L.A. Times zum Jugendschutz

(GP) Im Februar scheiterte das von Schwarzenegger initiierte Jugendschutzgesetz an der US-Verfassung. Es sollte die Abgabe von Videospielen an Jugendliche, die “besonders grausam, abscheulich oder verdorben” seien (Die Spiele, nicht die Jugendlichen!), unter Strafe stellen. Die Richter bemängelten die schwammigen Definitionen und dass das Gesetz übertrieben restriktiv sei. Auch gäbe es keinen Beweis dafür, dass Videospiele gefährlicher als Literatur oder Filme seien. Schwarzenegger will nun vor die nächste Instanz ziehen, wovon ihm die Los Angeles Times aber abrät:

Parents don’t need a law to urge makers of video games to strengthen their current voluntary ratings systems. More important, they don’t need permission from a legislator or judge to keep an eye on what their children are doing — or playing.”

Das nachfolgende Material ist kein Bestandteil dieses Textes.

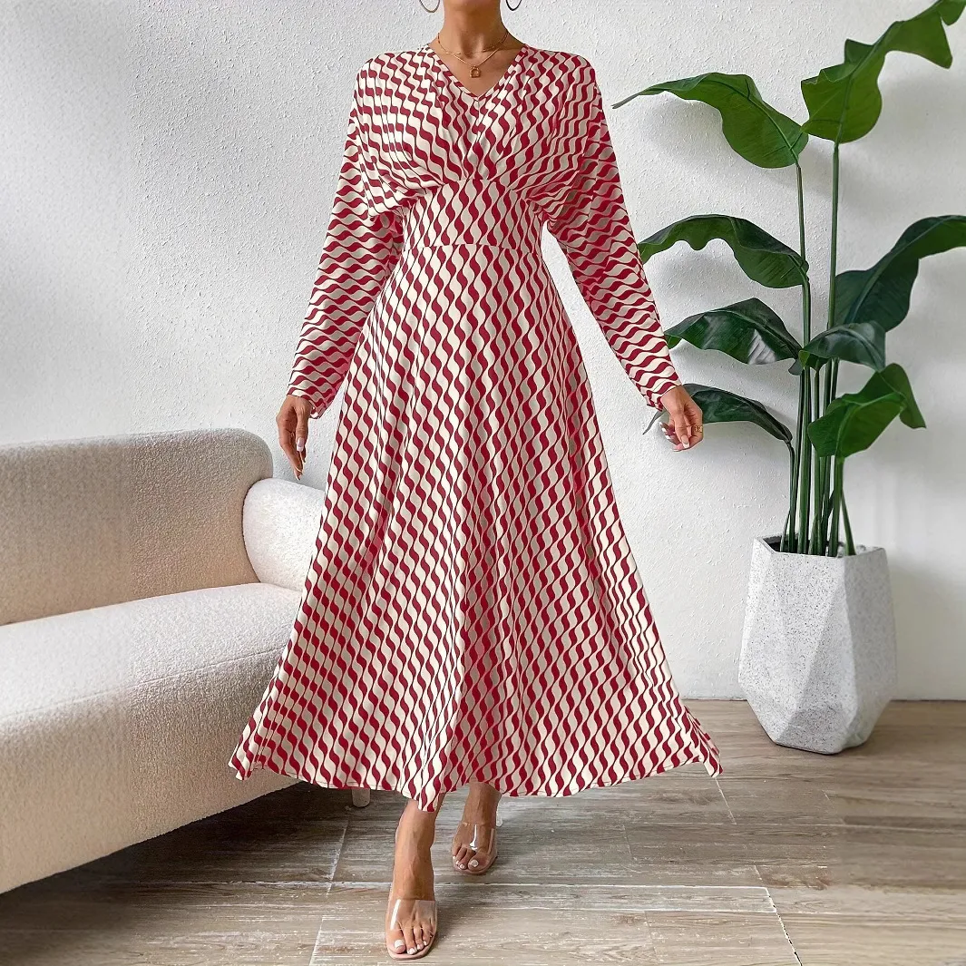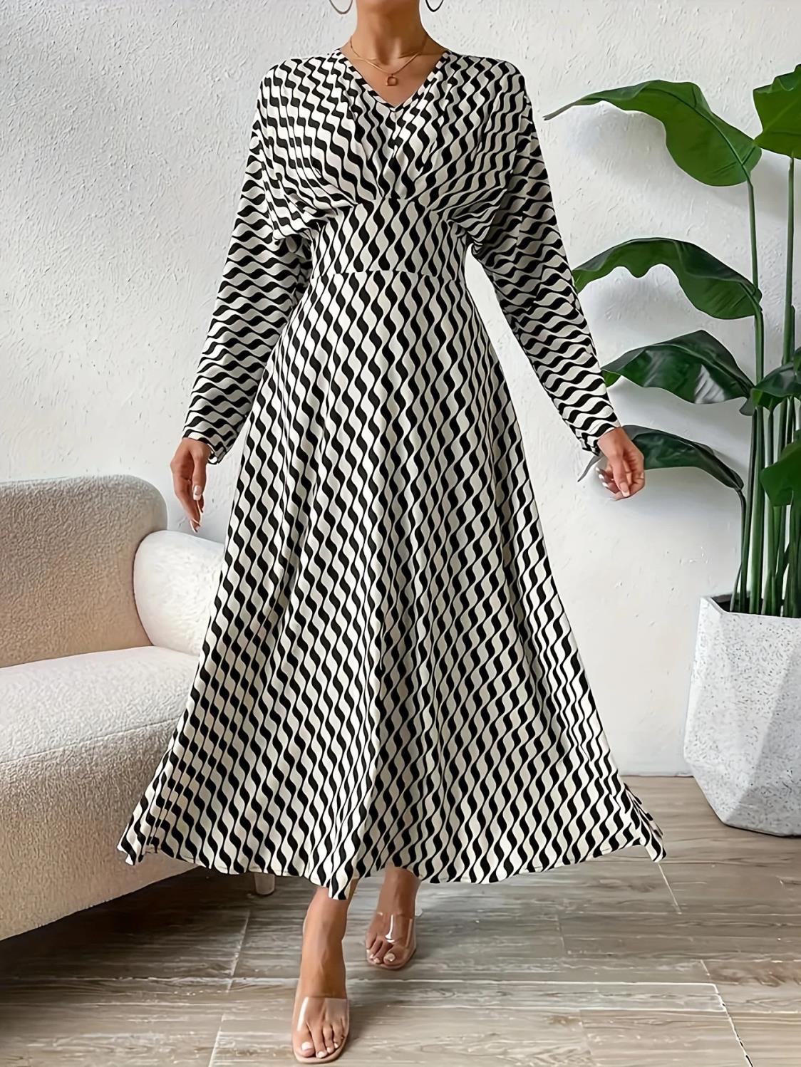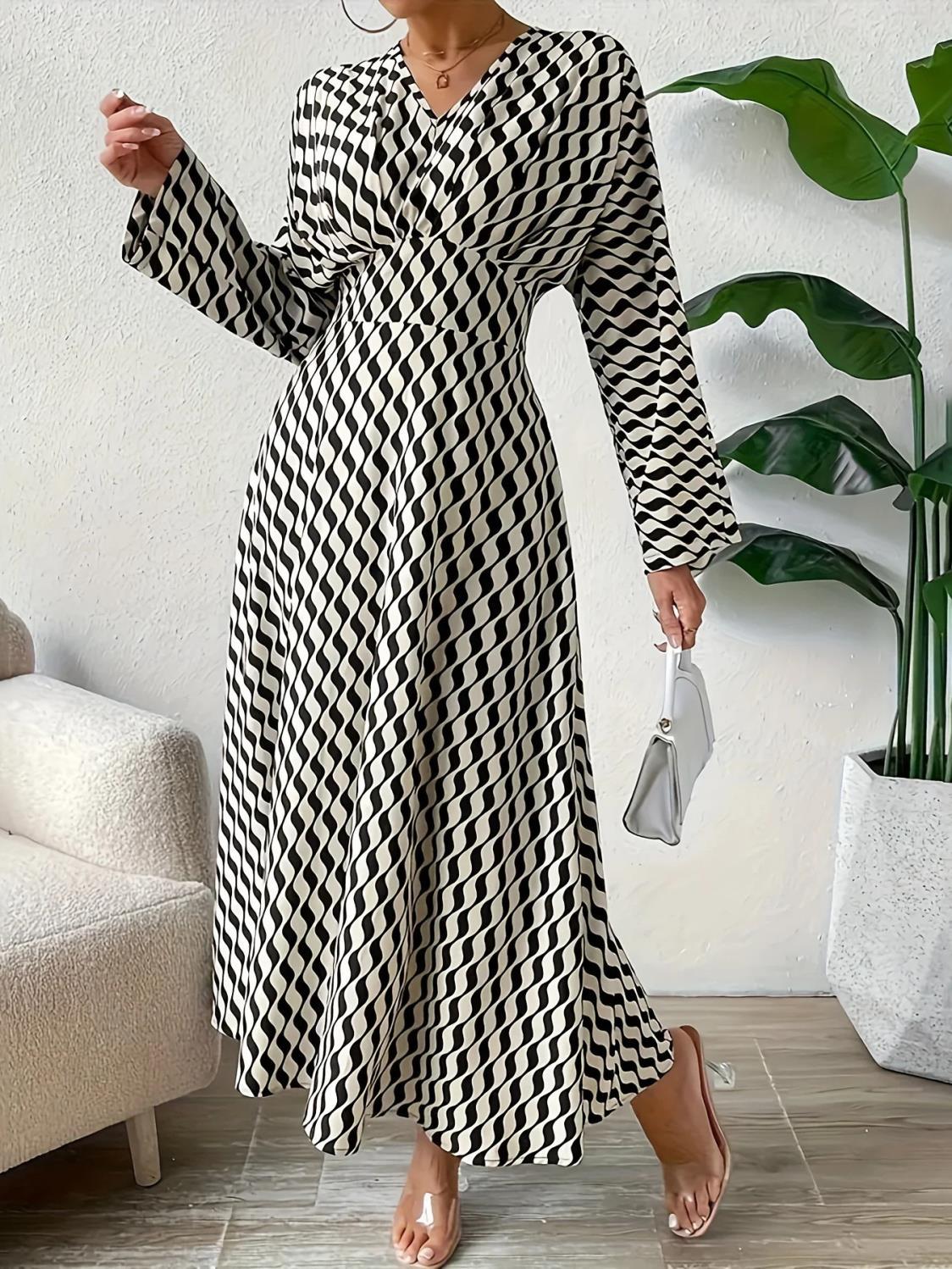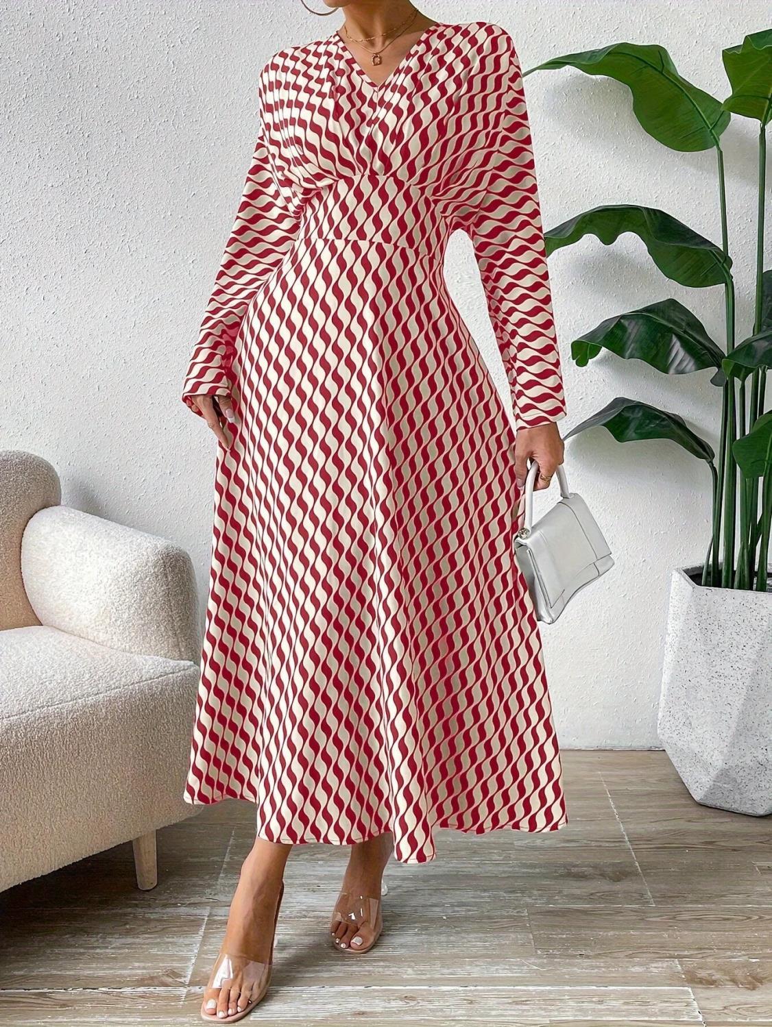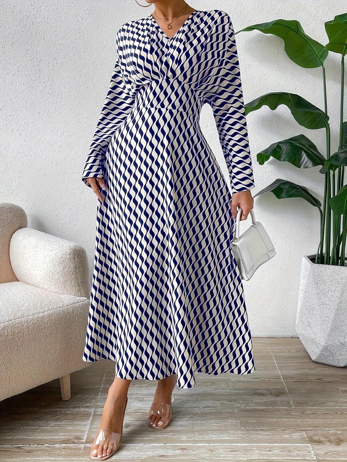 Elevate your office wardrobe with our Geometric Printed V-neck Long-sleeved Cinched-waist Dress. This elegant piece combines style and comfort, making it perfect for the modern professional woman.
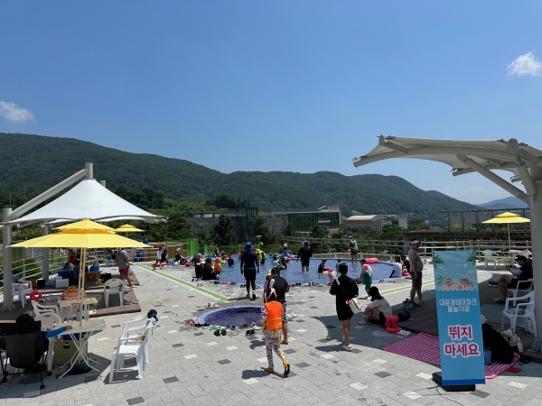 물놀이장 주변 곳곳에 그늘막과 평상이 설치되어 있어 무더운 날씨에도 시원하게 물놀이를 즐길 수 있으며 미끄럼틀, 바닥분수, 물터널 등 다양한 놀거리가 있어 아이들이 쉴 틈이 없다.
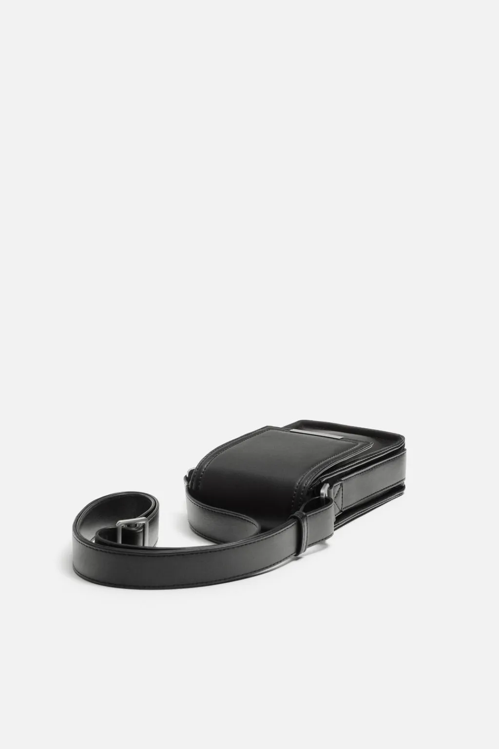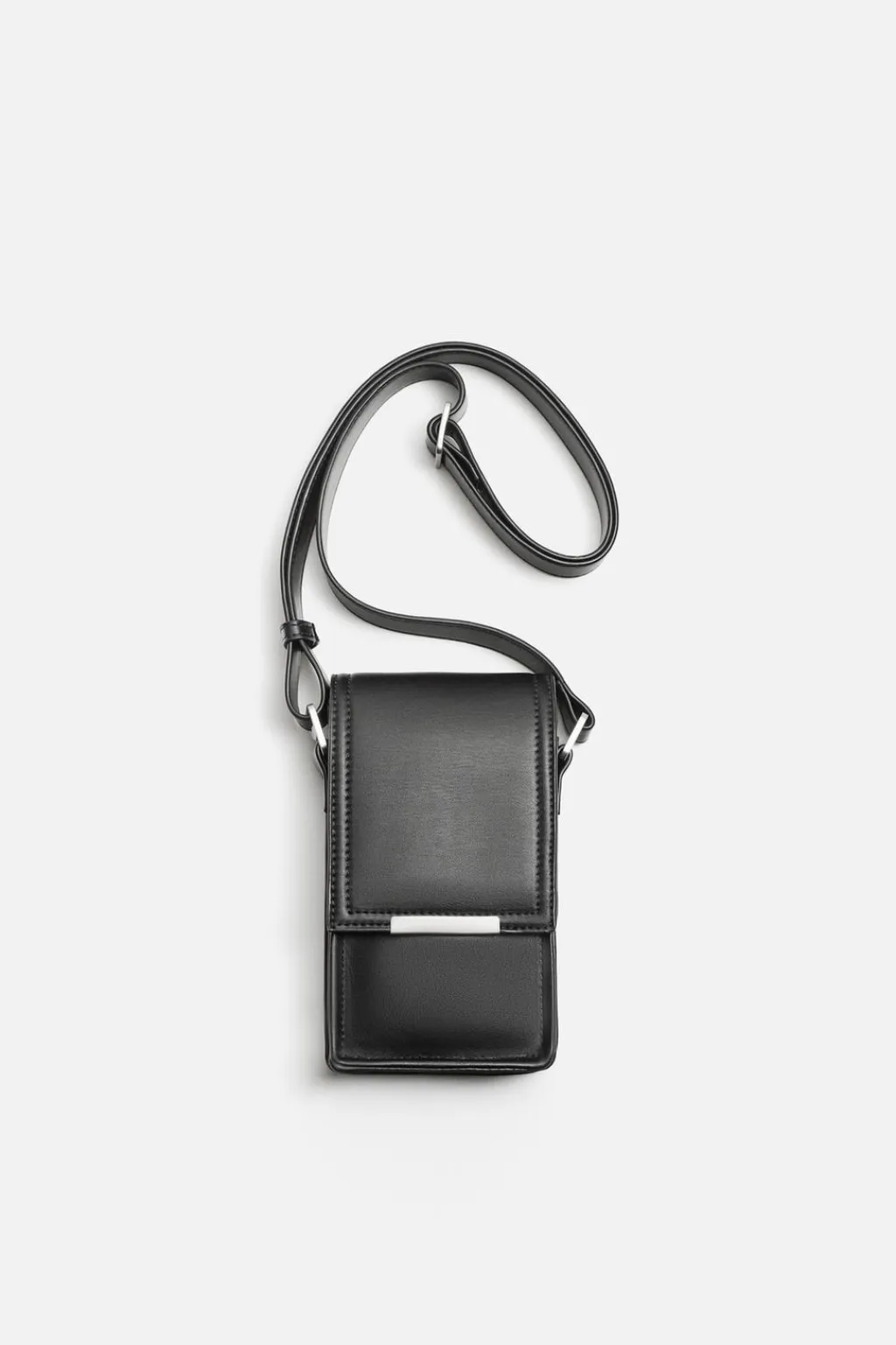 Mini bandolera vertical. Compartimento principal con cierre mediante solapa. El interior cuenta con un bolsillo plano. Compartimento secundario en la parte trasera. Asa de hombro ajustable.

7 Gedanken zu “L.A. Times zum Jugendschutz

  1. Also, in Amerika denken sie schonmal auf dem rchtigen Weg.
    Die Eltern müssen bestimmen, was ihre Kinder spielen, in Deutschland hilft ihnen dabei die USK/FSK, in ganz Europa die PEGI, in Amerika müssen die Eltern eben selber spielen, um einzuschätzen, ob es geeignet ist oder nicht.
    Auch die Aussage, das “besonder grausam, abscheulich oder verdorben” zu schwammig sei finde ich richtig.
    Da könnte sich Deutschland mal ein Beispiel an den USA nehmen.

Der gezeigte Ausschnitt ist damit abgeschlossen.